In the ticket office queue, I take in local sounds. There are ‘reights’ and ‘nowts’ and dialogues about a recent signing’s arse size. Everyone seems to pronounce Salisbury ‘Salsbury’, as if elongating the ‘a’ would compromise their Yorkshireness. The Soviet stand is officially called the GAC Stand. ‘What’s GAC, mate?’ I ask a steward. ‘Not a clue, pal. I’m from Barnsley.’

Scattered flowers on the grass verge up to the Kop are part of the Sheffield United Memorial Garden. ‘To Our Dad’, most of them read, or ‘To Our Dad, The True Blade’. Their cellophane flutters in the wind and people stop to remember. Some probably imagine that one day there will be flowers for them here too. It is where they want to be, where they belong, in life and death.

The electric turnstiles bleep us in, a mass of denim and Christmas gift hats. A shabby, but modern sign, aged perhaps with tea like an infant’s treasure map, offers welcome to ‘The World’s Oldest Professional Football Ground’. I peep through to the empty Kop, closed today due to the small attendance anticipated, but still atmospheric, ominous and mighty. People sneak in a crafty fag then run up to their seats to sing about cigarettes. The music strikes up but is, brilliantly, cut in time for an entirely arisen home end to belt out their anthem:

You fill up my senses

Like a gallon of Magnet

Like a packet of Woodbines

Like a good pinch of snuff

Like a night out in Sheffield

Like a greasy chip butty

Like Sheffield United

Come thrill me again

The tune is John Denver’s ‘You Fill Up My Senses’, though his lyrics feature forests, mountains, springtime and a calm azure sea. I prefer the Sheffield depiction of life’s pleasures. It speaks of a northern hedonism that I like about England, as compared to, say, an American’s slightly spiritual and wholesome devotion to open air and space.

The choir sits and leaves Bramall Lane itself to exude atmosphere.

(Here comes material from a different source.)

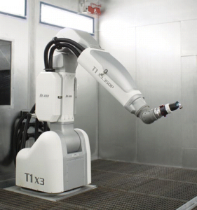 Stäubli’s paint solutions are based around some of its TX and RX robots. Process parameters are controlled via the company’s PaintiXen software, which controls the parameters like flow rate, atomization, and electrostatic charge. Stäubli claims that this software reduces solvent and paint by 30%.

Whatever the architectural butchery outside, sitting here and looking at this age-old pretty green is a rush. For so long, people have played and watched sport here, not only football but also cricket, and even baseball. Several generations have come to escape real life, all of them looking in the same direction. That continuity breeds a sense of belonging whomever you support. Ultimately, we as football fans share the pleasure and the pain of our game. It is a key part of our own version of England. As there are so many of us, it is a key part of England as a whole, too.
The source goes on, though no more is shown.